*** DATA BLOCK ***

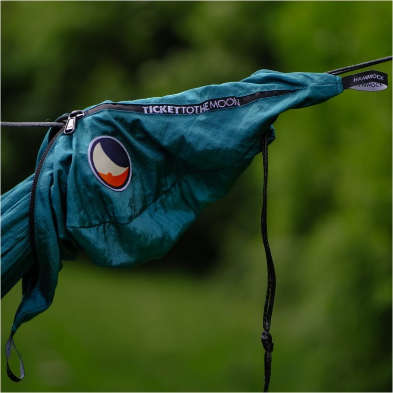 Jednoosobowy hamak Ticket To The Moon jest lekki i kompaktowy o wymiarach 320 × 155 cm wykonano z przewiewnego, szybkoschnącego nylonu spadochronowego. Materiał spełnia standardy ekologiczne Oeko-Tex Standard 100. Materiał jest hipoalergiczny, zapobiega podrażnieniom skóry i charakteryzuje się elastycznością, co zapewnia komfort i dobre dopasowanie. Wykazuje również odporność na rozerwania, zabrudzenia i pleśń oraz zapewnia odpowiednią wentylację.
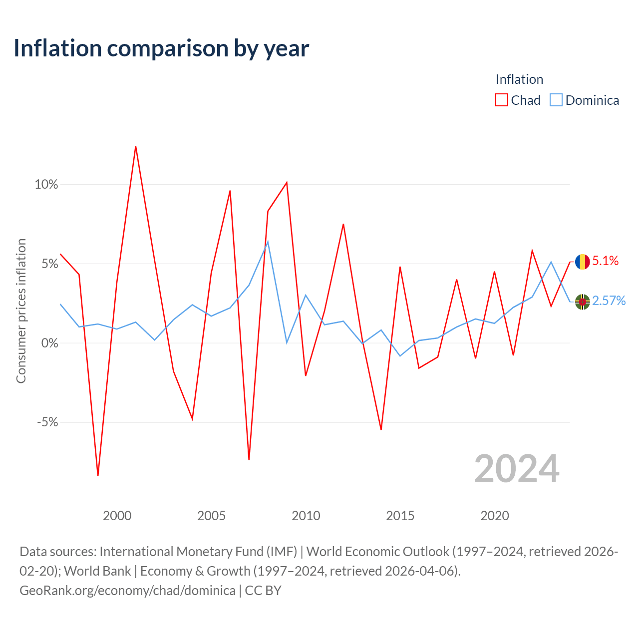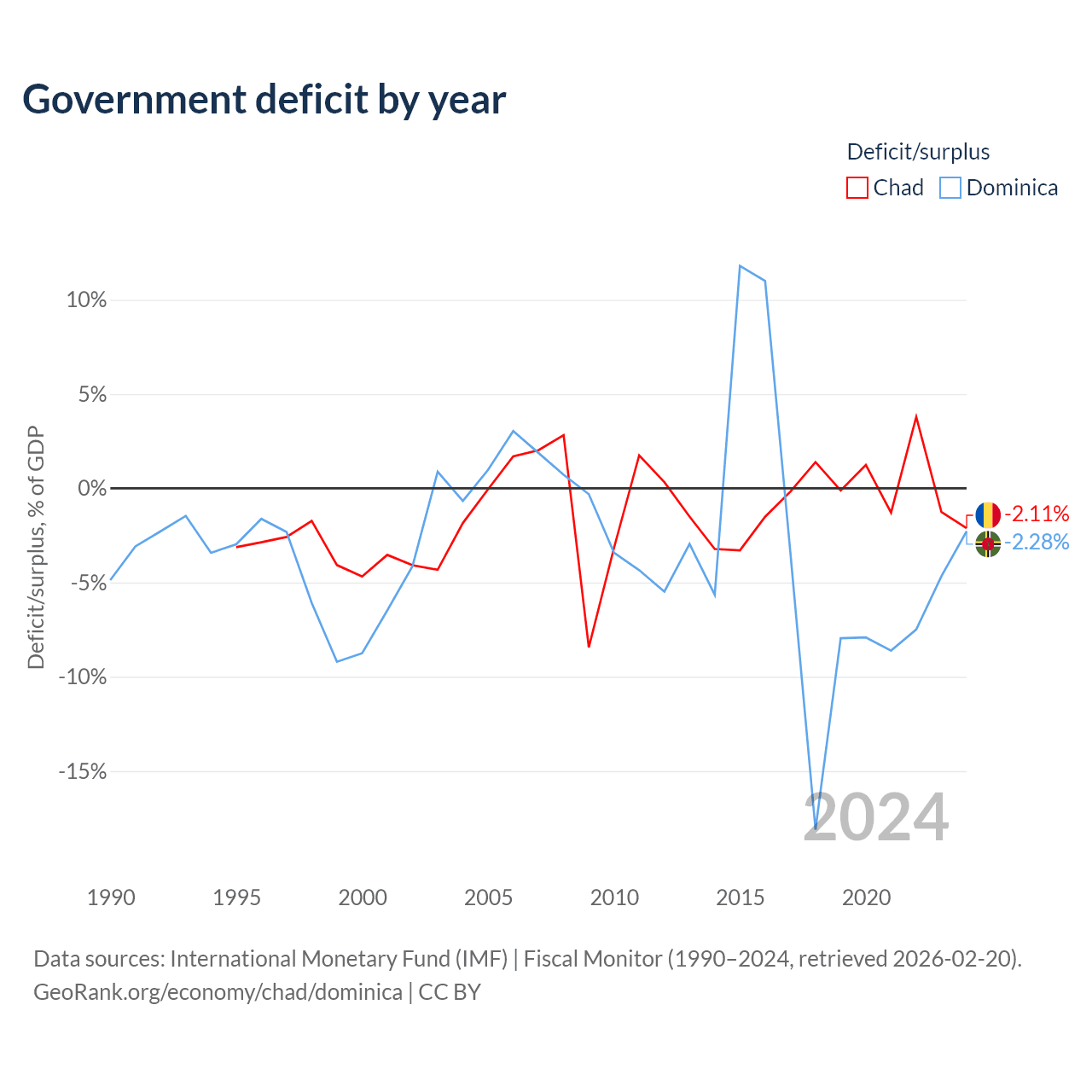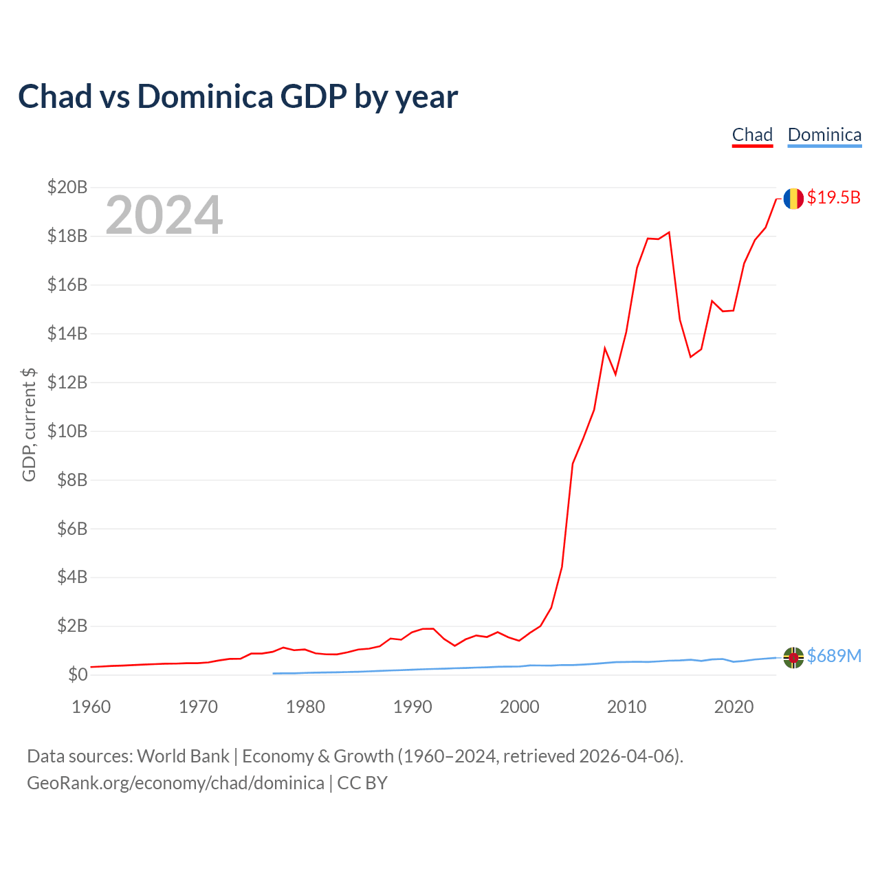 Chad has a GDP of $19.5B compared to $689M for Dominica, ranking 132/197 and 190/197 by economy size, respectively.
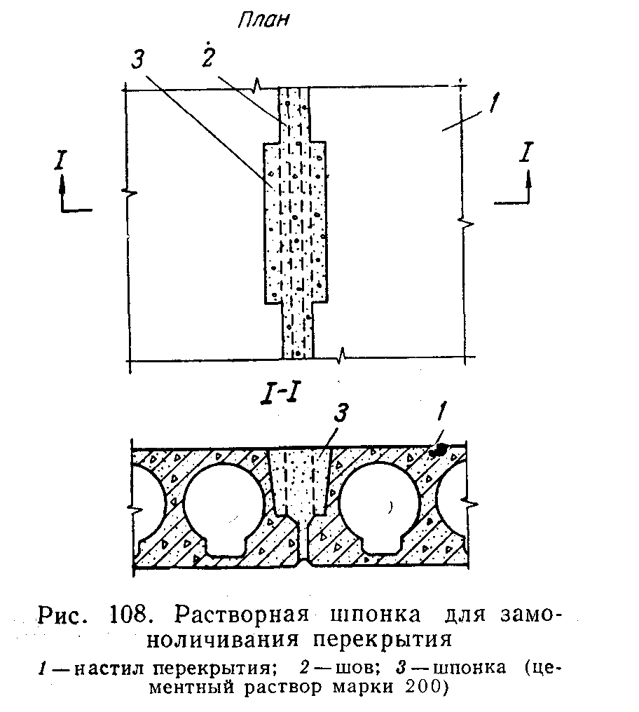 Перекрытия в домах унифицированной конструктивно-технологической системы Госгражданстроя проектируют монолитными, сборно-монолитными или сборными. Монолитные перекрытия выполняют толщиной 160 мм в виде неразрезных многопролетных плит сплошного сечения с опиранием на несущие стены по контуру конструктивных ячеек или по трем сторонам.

***

▶ PROBLEM TO WORK ON: Give the listing above again in its entirety, exactly as written and free of images.

▶ SOLUTION TO THE PROBLEM:
 Jednoosobowy hamak Ticket To The Moon jest lekki i kompaktowy o wymiarach 320 × 155 cm wykonano z przewiewnego, szybkoschnącego nylonu spadochronowego. Materiał spełnia standardy ekologiczne Oeko-Tex Standard 100. Materiał jest hipoalergiczny, zapobiega podrażnieniom skóry i charakteryzuje się elastycznością, co zapewnia komfort i dobre dopasowanie. Wykazuje również odporność na rozerwania, zabrudzenia i pleśń oraz zapewnia odpowiednią wentylację.
 Chad has a GDP of $19.5B compared to $689M for Dominica, ranking 132/197 and 190/197 by economy size, respectively.
 Перекрытия в домах унифицированной конструктивно-технологической системы Госгражданстроя проектируют монолитными, сборно-монолитными или сборными. Монолитные перекрытия выполняют толщиной 160 мм в виде неразрезных многопролетных плит сплошного сечения с опиранием на несущие стены по контуру конструктивных ячеек или по трем сторонам.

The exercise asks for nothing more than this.